A production pipeline consists of four distinct stages:
- Ingestion (The Loader): Detecting file types and extracting raw text and metadata.
- Transformation (The Splitter): Breaking text into semantically relevant chunks (Tokenization).
- Embedding: Converting text chunks into vector representations (e.g., float arrays).
- Persistence: Storing vectors in a Vector Database (PGVector, Milvus, Weaviate, etc.).
This article focuses heavily on steps 1 and 2, utilizing the spring ai document loader abstractions.
2. Project Setup and Dependencies #
Spring AI abstracts the underlying complexity of file parsing. While there are specific readers for PDFs, the most robust approach for a multi-format pipeline is integrating Apache Tika. Tika detects and parses over a thousand different file formats.

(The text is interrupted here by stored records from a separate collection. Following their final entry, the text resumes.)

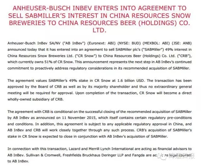 百威英博3月2日发布新闻稿宣布,他们将把SAB米勒所持有的华润雪花49%股权以16亿美金的价格卖给华润啤酒。这也就是说,华润啤酒将全资控股雪花啤酒。而对于百威英博而言,这是解决“世纪并购案”产生的监管问题的又一大重要进展。
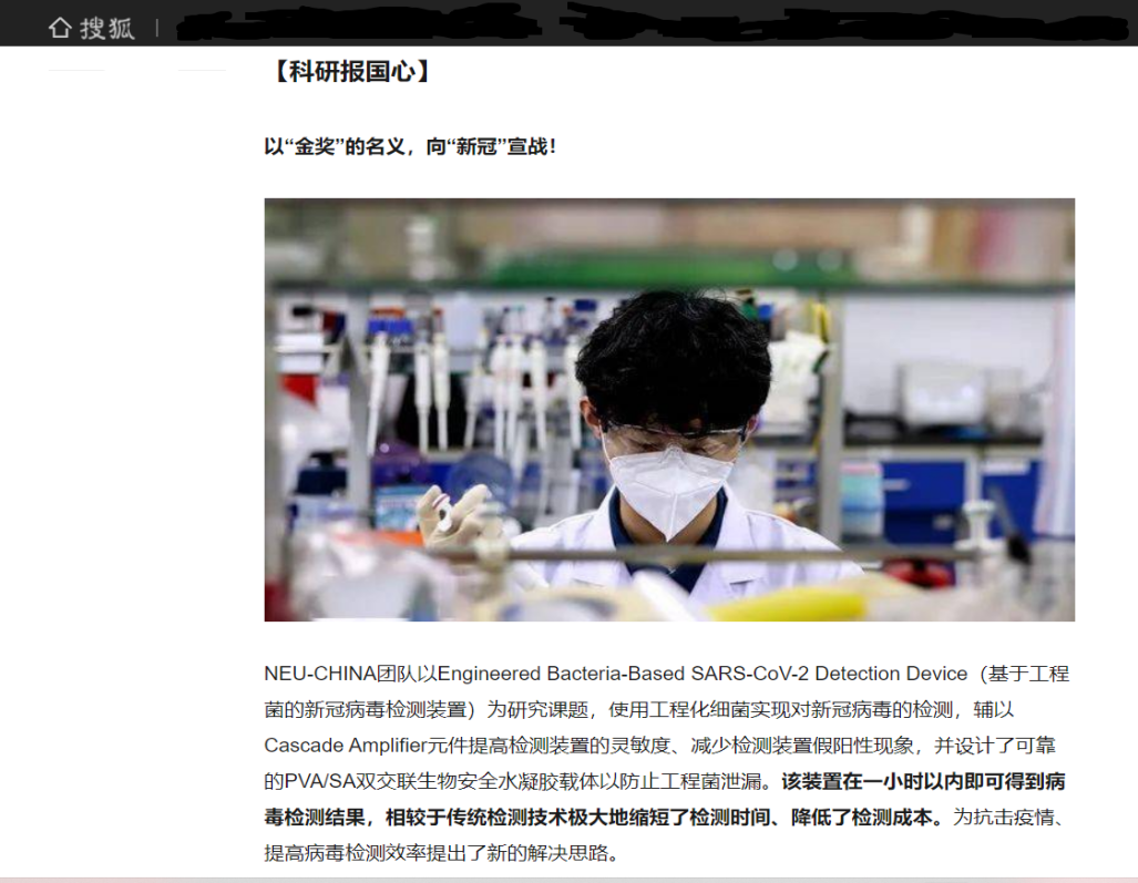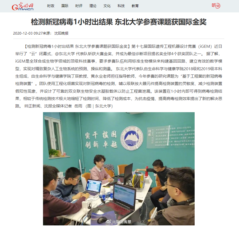 学院代表东北大学组队参加全球合成生物学领域国际大学生顶级科技赛事——国际遗传工程机器设计竞赛(简称iGEM),累计获得全球金奖4次,银奖2次,铜奖2次,全球单项提名奖2次,光明日报和学习强国多次报道团队事迹。
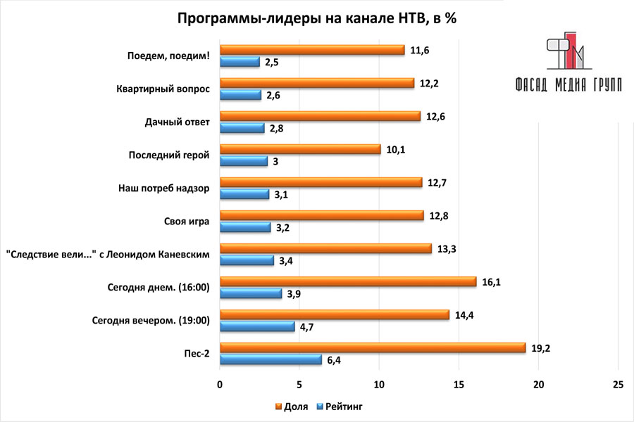 «НТВ» производит современный, качественный медийный контент. Отдельные передачи телеканала обладают большой популярностью у телезрителей. Данный факт способствует постоянному росту рейтингов телеканала и, как следствие, повышенному спросу на рекламное время.
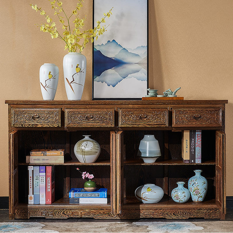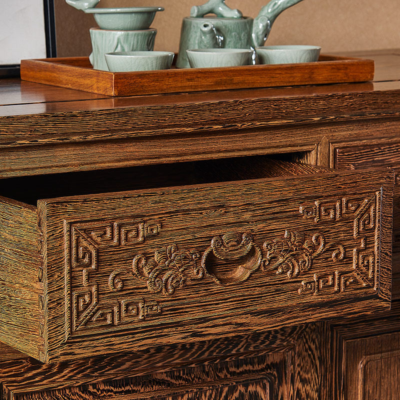 Mahogany sideboard chicken wing wood new Chinese style carved all solid wood classical locker restaurant household furniture
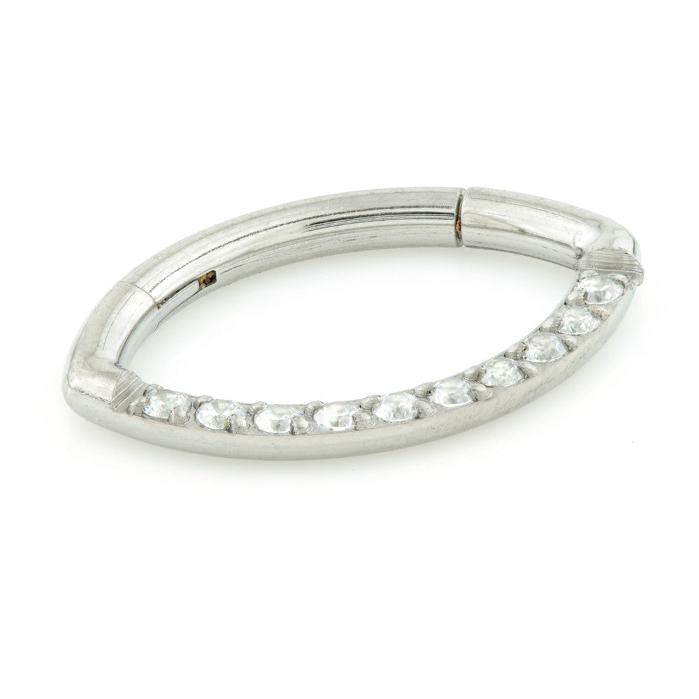 Titanium Marquise Hinged Gem Ring Gem Colour: Crystal Gauge: 1.2mm Sizes: 8mm and 10mm Medical Grade Titanium 6Al-4VEli ASTM:F-136

Add the following dependencies to your pom.xml (assuming Spring Boot 3.2+ and Spring AI milestone releases):
<dependencies>
<!-- Spring AI Core -->
<dependency>
<groupId>org.springframework.ai</groupId>
<artifactId>spring-ai-openai-spring-boot-starter</artifactId>
</dependency>
<!-- The Universal Document Reader -->
<dependency>
<groupId>org.springframework.ai</groupId>
<artifactId>spring-ai-tika-document-reader</artifactId>
</dependency>
<!-- Vector Store (Example: Simple In-Memory or PGVector) -->
<dependency>
<groupId>org.springframework.ai</groupId>
<artifactId>spring-ai-simple-vector-store-spring-boot-starter</artifactId>
</dependency>
</dependencies>
<dependencyManagement>
<dependencies>
<dependency>
<groupId>org.springframework.ai</groupId>
<artifactId>spring-ai-bom</artifactId>
<version>1.0.0-SNAPSHOT</version> <!-- Check for latest version -->
<type>pom</type>
<scope>import</scope>
</dependency>
</dependencies>
</dependencyManagement>
Note: The spring-ai-tika-document-reader is heavy because it includes parsers for everything from PDFs to obscure image formats. In a containerized production environment, you might want to exclude certain transitive dependencies if image OCR isn’t required to save image size.

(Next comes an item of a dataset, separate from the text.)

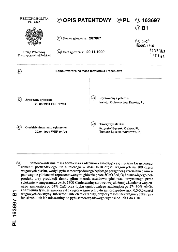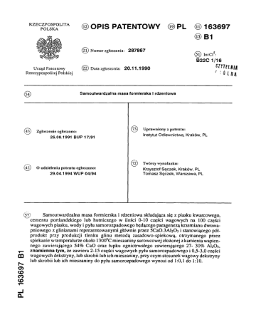 Samoutwardzalna masa formierska i rdzeniowa - Patenty

3. The Core Abstraction: DocumentReader
#
In Spring AI, the primary interface for ingestion is DocumentReader.
public interface DocumentReader {
List<Document> get();
}
The Document object is the “currency” of the framework. It contains:
- Content: The extracted string text.
- Metadata: A
Map<String, Object>containing file names, page numbers, authors, etc.
The Unified Tika Loader Service #
Let’s build a service that accepts any Spring Resource (file, URL, classpath item) and converts it into documents.
package com.springdevpro.ingestion;
import org.springframework.ai.document.Document;
import org.springframework.ai.reader.tika.TikaDocumentReader;
import org.springframework.core.io.Resource;
import org.springframework.stereotype.Service;
import java.util.List;
@Service
public class UniversalDocumentLoader {
public List<Document> loadResource(Resource resource) {
// TikaDocumentReader automatically detects the file type
// based on the resource stream signature.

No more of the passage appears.